Well, that's just plain wrong. From the horse's mouth:

> As we know, this is connected with the relativity of the concepts of "simultaneity" and "shape of moving bodies." To fill this gap, I introduced the principle of the constancy of the velocity of light, which I borrowed from H. A. Lorentz's theory of the stationary luminiferous ether, and which, like the principle of relativity, contains a physical assumption that seemed to be justified only by the relevant experiments

More from here:

https://en.wikipedia.org/wiki/Relativity_priority_dispute




This quote is about special relativity.


Which is the source for General Relativity, which suffered too from an attribution dispute with Hilbert's works.

My point being: science doesn't happen in a vacuum, and is not totally ordered


>science doesn't happen in a vacuum

Yes, everybody agrees, but you specifically responded to the statement that Poincaré and Lorentz had nothing to do with GR. You said that statement was wrong, but it looks more like you confused SR and GR, which are two entirely different beasts.

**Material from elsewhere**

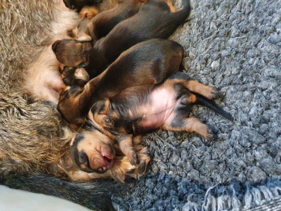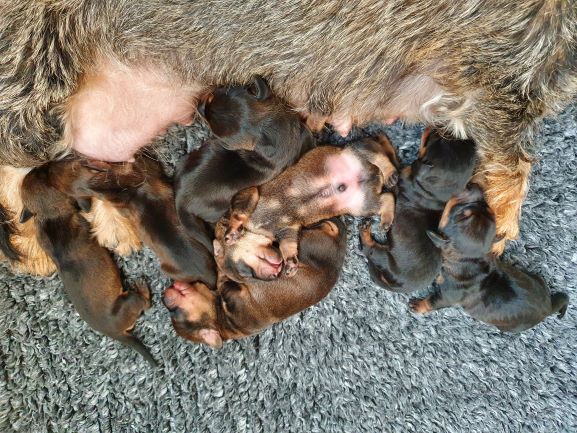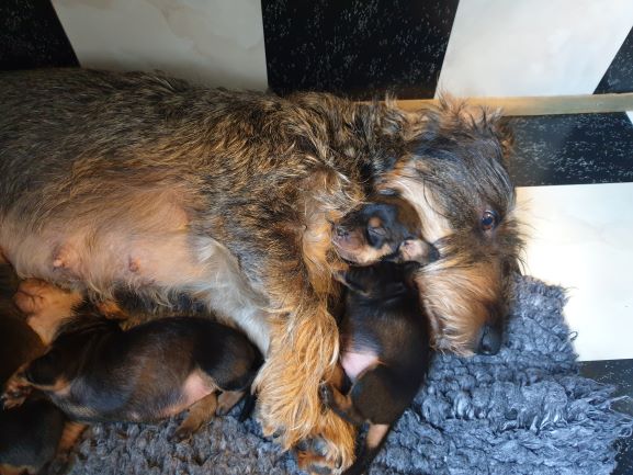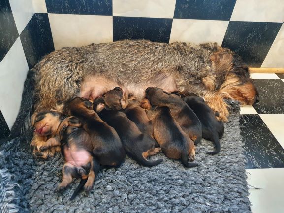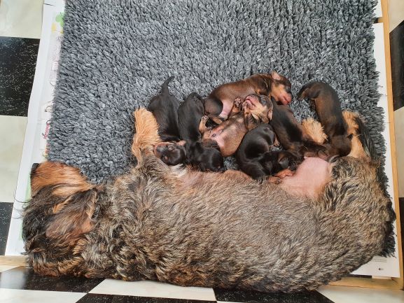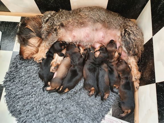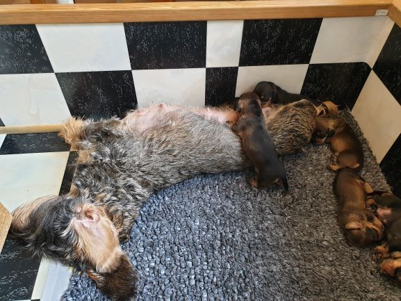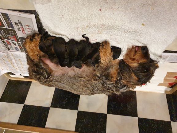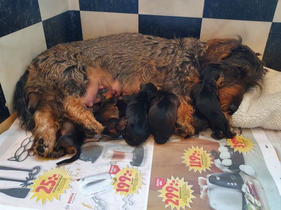 Nu har valparna fötts! Värkarna började runt 19:30 igår kväll och vattnet gick strax därefter. Första valpen föddes ca 20:30 och dom första fyra kom i hyffsad takt för att sedan ha ett långt uppehåll till nummer fem som följdes av dom sista två. Den sista föddes kring kl01 och husse och matte kom i säng runt kl 3. Det blev en fin kull med 5 tikar och 2 hannar. Idril och valparna mår bra och hon tar väl hand om de små.

Well the comment by pnin made it about GR, when the parent by boringuser2 was about the general contributions to relativity, both SR and GR. I believe "general theory of relativity" to be different than "general relativity" here, the former encompassing both SR and GR. Maybe that's where our misunderstanding comes from. Also, if you believe that GR has absolutely nothing to do with SR, then no Lorentz has no relevance to the genesis of General Relativity.

Anyway I don't believe we're having a discussion worth having here.